Aaron Nelson, Audiobook, steel, brass,
motor and microcontroller, 16 x 16 x 16 in.
Aaron Nelson - Movement, Mechanisms & Microcontrollers
This workshop is your introduction to physical computing and interaction. We will use sensors, microcontrollers, and metal fabrication techniques to create objects that react and respond to the environment and people around them. We will explore circuit building and bending, coding with Arduino microcontrollers, mechanisms and movements, and the fabrication of parts on the manual lathe, plus TIG and MIG welding. Students must have a laptop computer. Basic soldering, sawing, and filing skills required. Code 05MB
Studio artist, technician at the University of Arkansas School of Architecture; teaching: University of Massachusetts-Dartmouth; exhibitions: Gallery 224 (MA), University of Massachusetts-Dartmouth, Southeastern College Art Conference (NC).
Dan Bailey, Penland Instructors Retreat, circle
panoramic digital photograph
Dan Bailey - Still Photographs to Moving Pictures
Between still photography’s “decisive moment” and cinema’s representation of time lies a rich and compelling area. This digital class will look at conceptual and technical approaches to transitioning between photography and video and using these approaches to create effective time-based artworks. We will cover photo montage, time-lapse, stop motion, sound, full-fledged video, editing, and online presentation. The class is structured, but will provide focused time for students’ own creative, time-based, lens-gathered work.
Today, with a simple flick of a switch, an artist can move between taking a still photograph and capturing an HD video. This simplicity belies the dramatic difference in the challenge of working in time-based media. Issues of camera movement, timing, sequencing, structure, and sound are suddenly present. Different viewing venues and audiences also become important factors. Our journey in this class will begin with sequential still photography techniques and end with cinema. It is most appropriate for artists comfortable with digital still photography but interested in exploring the area of expressive cinematic arts. Along with being pertinent to photographers interested in documentary or narrative forms, the class will also be of interest to artists working in areas such as performance, choreography, installation, animation, and online media. Penland photographer Robin Dreyer will join the class for several days to lead a section on narrated slide shows. All levels. Code 05P
Professor of visual art and director of the Image Research Center at University of Maryland Baltimore County; collections: Museum of Modern Art (NYC), Centre Pompidou (Paris).
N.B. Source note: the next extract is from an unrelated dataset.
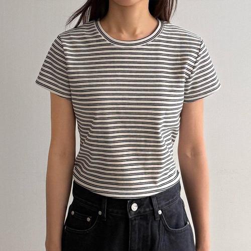엘케이트 여자 스트라이프 반팔티 슬림핏 세미크롭 티셔츠 LCR110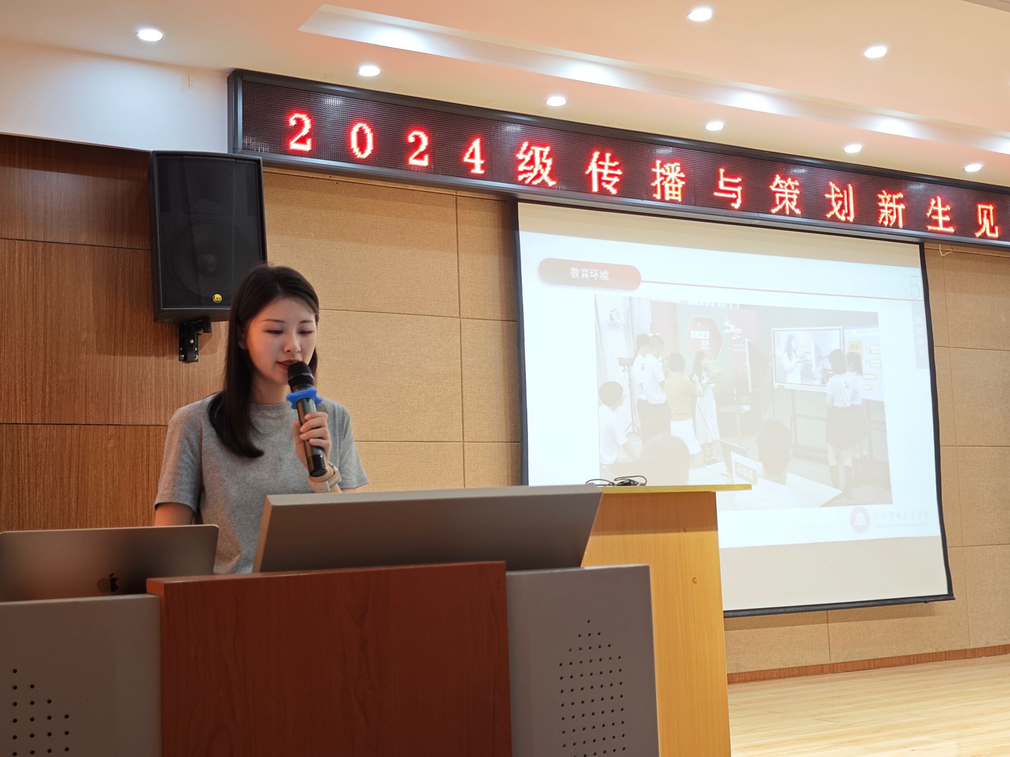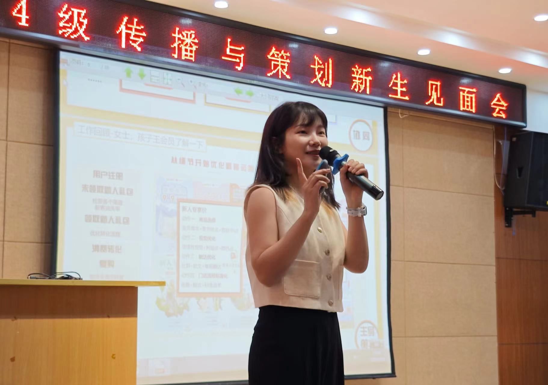 李雯雯从专业、获奖情况和师资队伍进行详细的介绍,告诉大家传播与策划是一个新兴充满活力的行业,注重专业创意、创新思维和自我能力的培养,她强调了传媒人应有对行业的热爱和专业技能,希望新生可以努力锤炼本领,用理论指导实践。

More information about the class: panopicnic.com
Printmaking and Letterpress
John Hitchcock, Signal MT,
screenprint, drawing, 30 x 44 in.
John Hitchcock - Print Blitz: Alternative Screenprint Methods
This class will focus on the post matrix and pushing the surface as we explore conceptual and technical possibilities through safe and easy printmaking techniques. We will begin with water-based screenprinting on paper, fabric, and wood, and cover a variety of procedures including monotypes, monoprints, hand-cut stencils, photo stencils, three-color reduction printing, hand dyeing, drawing back into, surface manipulation, and water-soluble marker methods to create experimental unique prints. All levels. Code 05X
Professor at University of Wisconsin-Madison; residencies: Venice Printmaking Studio, Vermont Studio Center; exhibitions: University of Ca’ Foscari (Venice), South African Museum (Cape Town), International Print Center (NY), Museum of Arts and Design (NYC), Herron School of Art (Indianapolis), Pyramid Atlantic Center (Baltimore), Factory Fresh Gallery ((NYC); collections: Turku Art Museum (Finland), Cork Printmakers (Ireland), Denver Art Museum, Nelson Atkins Museum (Kansas City).
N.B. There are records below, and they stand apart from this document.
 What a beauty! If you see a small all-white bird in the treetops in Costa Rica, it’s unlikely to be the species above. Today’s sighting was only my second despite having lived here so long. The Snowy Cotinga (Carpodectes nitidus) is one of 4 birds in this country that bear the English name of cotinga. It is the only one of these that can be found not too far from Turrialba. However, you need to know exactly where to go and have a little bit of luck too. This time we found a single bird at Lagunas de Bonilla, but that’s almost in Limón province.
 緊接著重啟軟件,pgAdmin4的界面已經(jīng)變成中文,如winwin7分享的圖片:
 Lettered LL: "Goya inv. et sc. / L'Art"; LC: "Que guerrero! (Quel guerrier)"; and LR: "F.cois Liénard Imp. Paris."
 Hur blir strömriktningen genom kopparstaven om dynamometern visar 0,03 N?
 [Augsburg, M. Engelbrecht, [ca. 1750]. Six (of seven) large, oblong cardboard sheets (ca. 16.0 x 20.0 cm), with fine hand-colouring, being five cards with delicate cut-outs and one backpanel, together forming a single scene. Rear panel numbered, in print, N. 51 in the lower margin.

Denise Bookwalter, Cropwork Orange, letterpress
on laser-cut paper, 3 in. diameter
Denise Bookwalter - Flat to 3D Letterpress
In this class we will cover the basics of letterpress printing with the goal of creating one-sided, two-sided, and three-dimensional letterpress objects. Students will learn the basics of working with type, creating images with polymer plates, making and printing hand-cut relief plates, and experimenting with color. We will also cover various ways to get ink on paper, and students will investigate the multiple and modular possibilities presented by letterpress printing. Projects will be both individual and collaborative. All levels. Code 05L
Assistant professor at Florida State University; director and founding member of Florida State’s Small Craft Advisory Press; exhibitions: Cleveland Institute of Art, Haydon Art Center (NE), Alexander Brest Museum (FL), Edison College (FL).
Yoshiko Wada, Examples of
Traditional Japanese Boro,
Yoshiko Iwamoto Wada - Boro Transformed
This class is for artists interested in patchwork, quilting, embroidery, collage, shibori, and painting who would like to engage in a dialog with fiber materials--especially tattered, stained, torn, and worn-out cloth and clothes. Students will learn about traditional Japanese textiles made with boro (rags and fabric scraps) and will reinterpret this folk tradition by creating fabric collages through layering, piecing, sewing, and darning. We will further transform our pieces with natural indigo dye (using organic vat methods) and over-dyeing with tannins. All levels. Code 05TA
Studio artist, curator, and textile researcher; exhibitions: Renwick Gallery (DC), International Textile Fair (Kyoto); president of the World Shibori Network, founder of Slow Fiber Studios; author of Memory on Cloth: Shibori Now, co-author of Kimono Inspiration: Art and Art to Wear in America, and Shibori: The Inventive Art of Japanese Shaped-Resist Dyeing.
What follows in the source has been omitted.